_WHAT IS EXPECTED_:
Exact copy, pictures excluded: print the lines from the one with "la respuesta podría" through the final line of the records.

__________

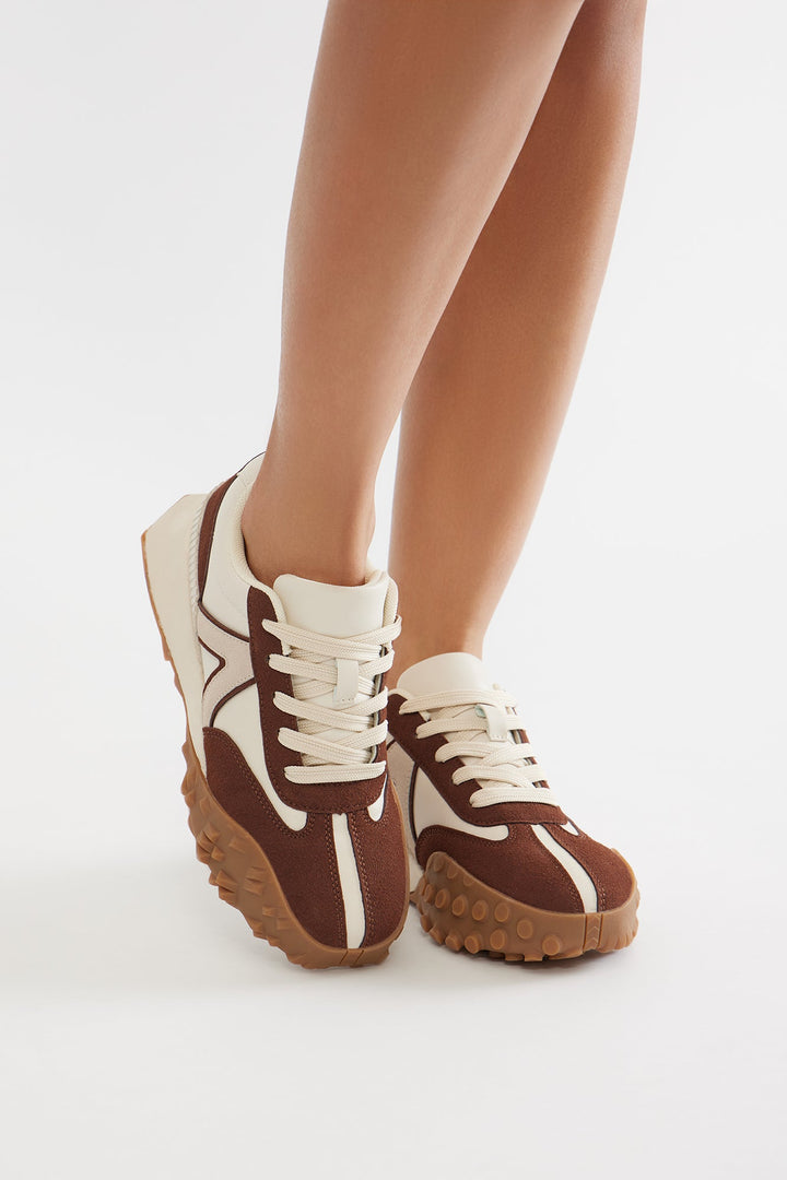 Available In Beige/Brown. | Low Top Sneakers | Lace Up | Round Toe | Flat Heel | Imported
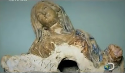 la respuesta podría estar conectada con un descubrimiento inesperado en la estatua. junto a la virgen maría una figura rota sostiene la mano de jesús.
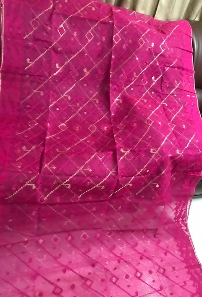 60/80 Count Half Silk Cotton Authentic Jamdani Saree by Shutlizz
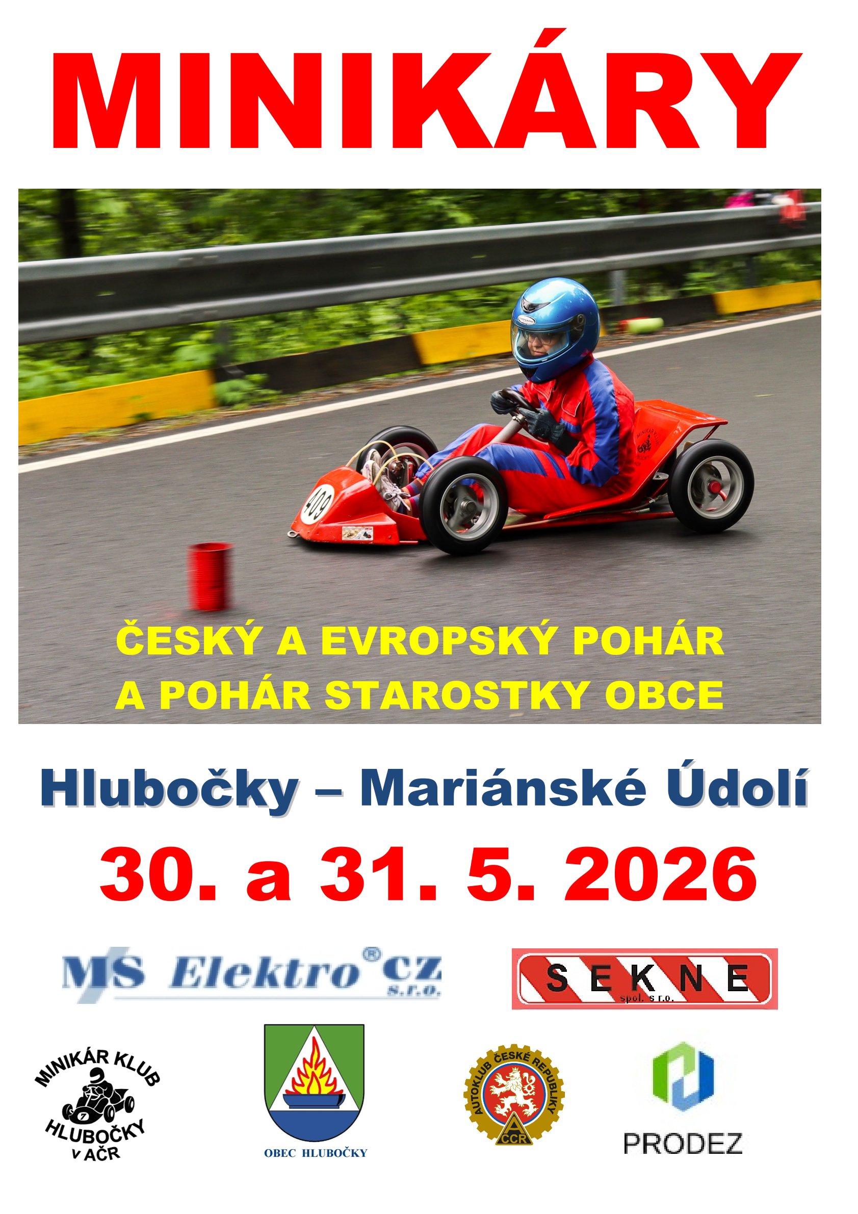Minikár klub Hlubočky v AČR zve občany na každoroční Český a Evropský pohár a pohár starostky obce v závodech Minikár.
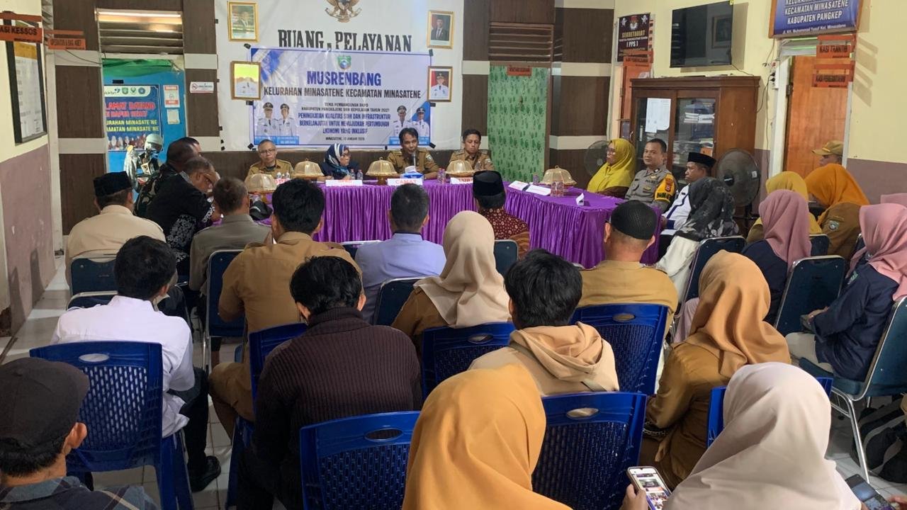 Musrenbang Kelurahan Minasatene mengusung tema “Peningkatan Kualitas SDM dan Infrastruktur Berkelanjutan untuk Mewujudkan Pertumbuhan Ekonomi yang Inklusif” dengan fokus pada tiga sektor prioritas, yaitu pertanian, peternakan, dan swasembada pangan. Kegiatan ini bertujuan untuk menyerap dan menyepakati usulan pembangunan dari masyarakat yang akan menjadi prioritas pembangunan di tingkat kelurahan dan selanjutnya dibahas pada Musrenbang tingkat kecamatan.

__________

_ANSWER BOX_:
 la respuesta podría estar conectada con un descubrimiento inesperado en la estatua. junto a la virgen maría una figura rota sostiene la mano de jesús.
 60/80 Count Half Silk Cotton Authentic Jamdani Saree by Shutlizz
Minikár klub Hlubočky v AČR zve občany na každoroční Český a Evropský pohár a pohár starostky obce v závodech Minikár.
 Musrenbang Kelurahan Minasatene mengusung tema “Peningkatan Kualitas SDM dan Infrastruktur Berkelanjutan untuk Mewujudkan Pertumbuhan Ekonomi yang Inklusif” dengan fokus pada tiga sektor prioritas, yaitu pertanian, peternakan, dan swasembada pangan. Kegiatan ini bertujuan untuk menyerap dan menyepakati usulan pembangunan dari masyarakat yang akan menjadi prioritas pembangunan di tingkat kelurahan dan selanjutnya dibahas pada Musrenbang tingkat kecamatan.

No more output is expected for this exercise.